Assigned task -
Retype exactly what appears below from the line containing "Foto de cena" down to the line containing "Trong một video", keeping both end lines. Do not include pictures.
:: Provided records ::
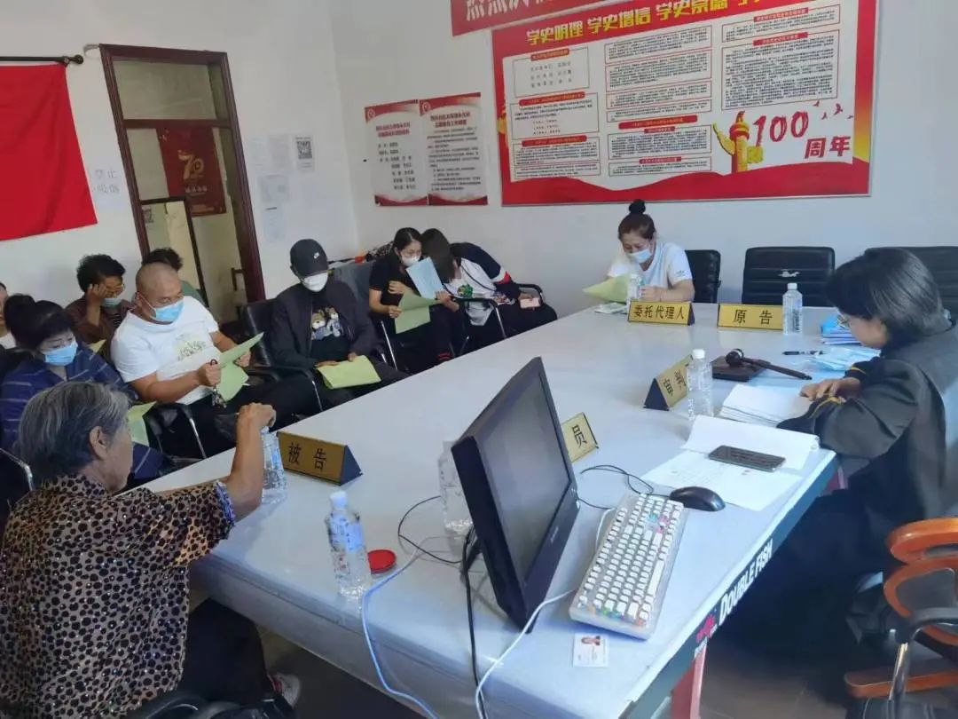 庭审当日,双方按时到达村委会,部分村民也到场旁听。庭审过程严格依照法定程序,法官耐心向双方当事人释法析理,详细讲解《土地法》等相关法律法规,劝导双方以和为贵。
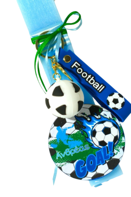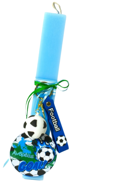Λαμπάδα σε γαλάζιο χρώμα με ξύλινο διακοσμητικό με μαγνητάκι το οποίο αφαιρείται εύκολα από τη λαμπάδα και παραμένει αναμνηστικό δώρο στο παιδί..
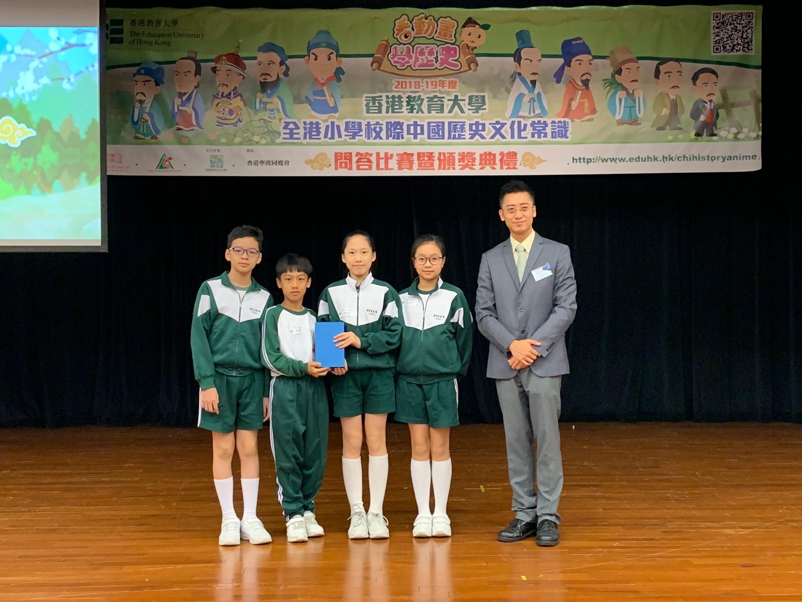 常識問答隊同學於12月1日(星期一)參加由香港教育大學主辦2018-2019年度香港教育大學全港小學校際中國歷史文化常識問答比賽,晉身24強,並獲頒奬座及書券500元,獲奬同學包括: 6A 鄒錦盈 6B 陳星豪 5A 蕭米澤 4A 林穗晞
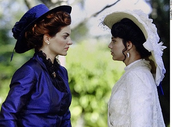 Foto de cena da novela Amor Eterno Amor da TV Globo: Em regressão, jornalista identifica ainda Amparo como irmã de Fernando em outra existência. Em outra vida, Dolores repreende Alice e ela ouve as…Leia mais
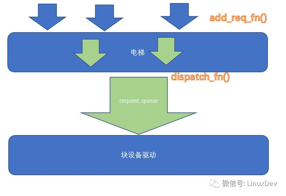 电梯的内部实现可以非常灵活,但是入口是elevator_add_req_fn(),出口是elevator_dispatch_fn()。
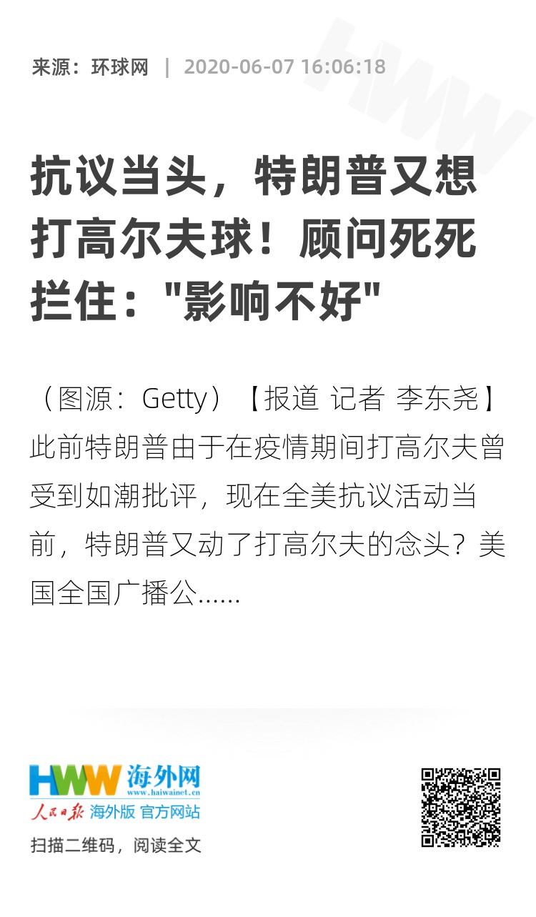 【环球网报道 记者 李东尧】此前特朗普由于在疫情期间打高尔夫曾受到如潮批评,现在全美抗议活动当前,特朗普又动了打高尔夫的念头?美国全国广播公司(NBC)6日报道称,特朗普原计划本周末在他位于新泽西州贝德明斯特的高尔夫俱乐部度过,但特朗普身边的顾问们出面劝阻,特朗普这才作罢。原因是目前全国性抗议活动仍在继续,特朗普此行会带来麻烦。
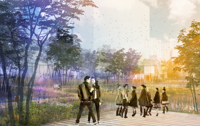 T+T architects уделили максимум внимания будущим жителям жилого комплекса: «поскольку именно таких посетителей здесь будет больше всего». Проанализировав территорию, архитекторы обнаружили несколько ключевых точек входа: южную, центральную и северную, разместив там три главные входные группы и подчинив им основные маршруты движения гуляющих.
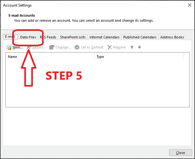 Step 5. Within the account settings, navigate to the Data Files tab.
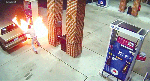 Trong một video clip do camera an ninh ghi lại, người ta có thể thấy người đàn ông đang đổ gas, bất thình lình cho tay vào túi móc chiếc bật lửa và bật lên. Ngọn lửa ngay lập tức bùng lên bao quanh cây gas và chiếc xe. Nhân viên trạm gas đã quát lên: “Bộ anh không biết gas dễ cháy nổ à?”.
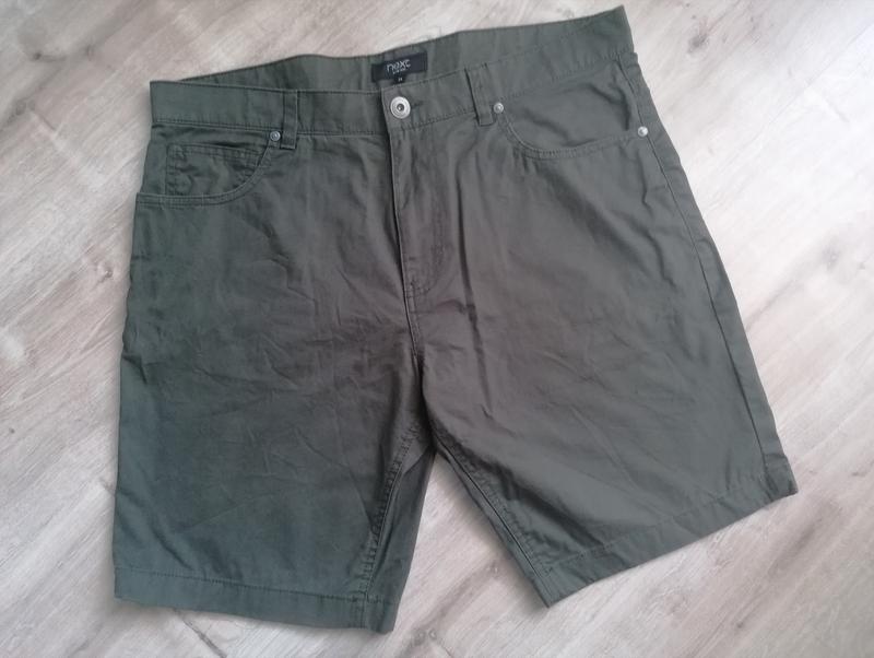 Чоловічі шорти чіноси. 5 кишень. Колір прямий. Стан: ідеальний Колір: темна олива Матеріал: 100% бавовна Розмір: 34 або L Заміри: НОТ 46 см НОС 56 см Довжина по боковому шву 47 см Кроковий шов 23 см Ширина штанини внизу 25 см Покупкою будете дуже задоволені))
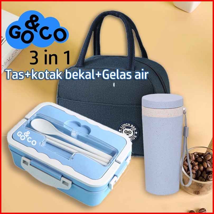 Go Co Paket 3 In 1 Kotak Makan Botol Minum Bag - Lunch Box Set
:::
Task answer -
 Foto de cena da novela Amor Eterno Amor da TV Globo: Em regressão, jornalista identifica ainda Amparo como irmã de Fernando em outra existência. Em outra vida, Dolores repreende Alice e ela ouve as…Leia mais
 电梯的内部实现可以非常灵活,但是入口是elevator_add_req_fn(),出口是elevator_dispatch_fn()。
 【环球网报道 记者 李东尧】此前特朗普由于在疫情期间打高尔夫曾受到如潮批评,现在全美抗议活动当前,特朗普又动了打高尔夫的念头?美国全国广播公司(NBC)6日报道称,特朗普原计划本周末在他位于新泽西州贝德明斯特的高尔夫俱乐部度过,但特朗普身边的顾问们出面劝阻,特朗普这才作罢。原因是目前全国性抗议活动仍在继续,特朗普此行会带来麻烦。
 T+T architects уделили максимум внимания будущим жителям жилого комплекса: «поскольку именно таких посетителей здесь будет больше всего». Проанализировав территорию, архитекторы обнаружили несколько ключевых точек входа: южную, центральную и северную, разместив там три главные входные группы и подчинив им основные маршруты движения гуляющих.
 Step 5. Within the account settings, navigate to the Data Files tab.
 Trong một video clip do camera an ninh ghi lại, người ta có thể thấy người đàn ông đang đổ gas, bất thình lình cho tay vào túi móc chiếc bật lửa và bật lên. Ngọn lửa ngay lập tức bùng lên bao quanh cây gas và chiếc xe. Nhân viên trạm gas đã quát lên: “Bộ anh không biết gas dễ cháy nổ à?”.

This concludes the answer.